A “primarily merely a surname” refusal is a reason for denying a trademark application provided by the United States Patent and Trademark Office (USPTO) when the mark being applied for is primarily merely a surname. In other words, the USPTO may reject a trademark application if it believes the mark is primarily the surname of a living individual, or is the surname of a deceased individual that is the name of a particular living individual.

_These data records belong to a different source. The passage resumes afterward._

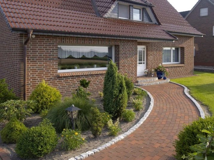 - Flower beds is a place under the windows.The far fence is decorated with conifers and shade-loving plants (bathing, fern).
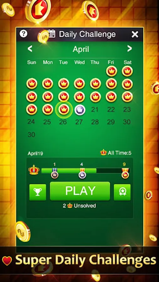 In Classic Solitaire (also known as Klondike or Patience), try to collect all the cards in 1 card or 3 card mode. Don’t forget to try the Vegas scoring mode as well!
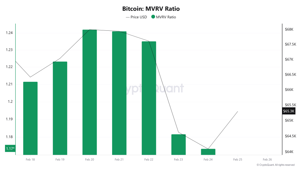 Following the limited recovery seen in Bitcoin’s MVRV last week, this week the indicator is showing renewed weakness. While the price remained relatively flat between February 18 and 22, the MVRV’s downward shift from the 1.24 region indicates that the spot price’s premium relative to its realized cost basis has narrowed. The MVRV’s retreat to around 1.17, particularly during the February 23–24 period, signals that market profit margins are tightening and investors are taking a more cautious stance compared to the previous week. Although there has been a limited recovery in prices, the MVRV’s failure to produce a strong expansion suggests that the uptrend is not yet supported by strong risk appetite. In summary, the downward trend of the MVRV indicates that momentum remains fragile in the short term. For the trend to regain strength, a sustained and significant expansion in the MVRV premium will be critical.
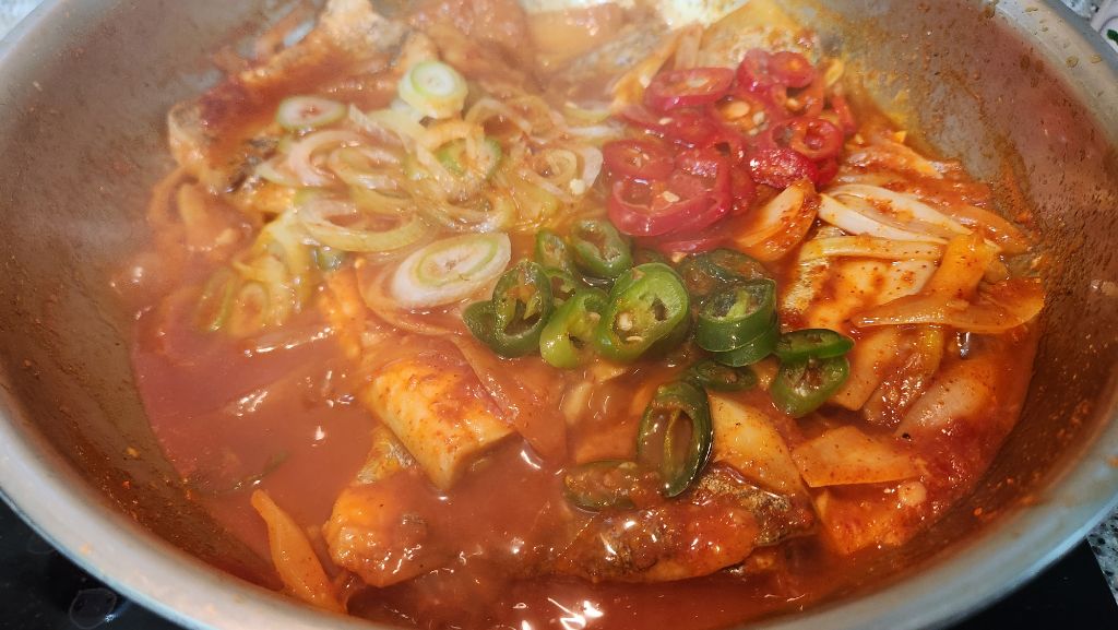 청홍고추와 대파를 어슷 썰어 올리고 한소큼 더 끓입니다.
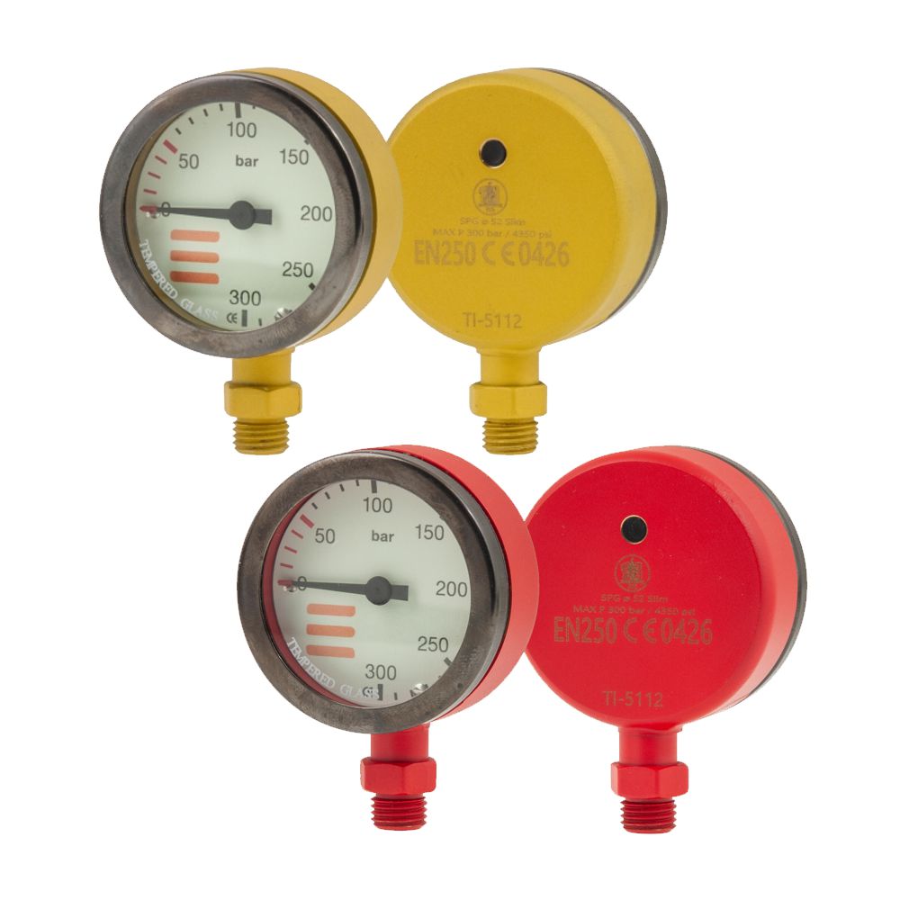Manomètre avec diamètre de 52 mm, boîtier en métal et verre trempé.
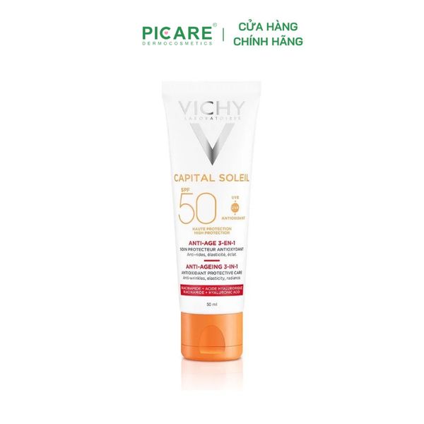 VICHY KEM CHỐNG NẮNG CHỐNG LÃO HÓA CAPITAL SOLEIL ANTI-AGEING 3-IN-1 SPF50 – 50ML

This type of refusal is based on the principle that trademarks should not be granted for terms that are too similar to personal names, as this could lead to confusion in the marketplace and dilute the strength of personal names. The USPTO will consider several factors when determining whether a mark is primarily merely a surname, including the distinctiveness of the surname and the commercial impression of the mark.
In order to overcome this type of refusal, the trademark applicant must prove that their mark has acquired distinctiveness, also known as secondary meaning, in the minds of consumers. This can be done through evidence such as length of time the mark has been in use, advertising and sales under the mark, and customer recognition and association of the mark with the applicant’s goods or services.
If the trademark applicant is unable to provide sufficient evidence of acquired distinctiveness, they may modify the mark to make it more distinctive or choose a different mark to apply for. They may also appeal the refusal, but this process can be lengthy and costly.
It is important to keep in mind that the USPTO’s primary concern is to prevent marks that are primarily merely a surname from monopolizing a surname and to ensure that marks are distinctive, so that consumers are not confused about the source of goods or services. As a result, overcoming a “primarily merely a surname” refusal can be challenging, but with the right evidence and strategy, it is possible.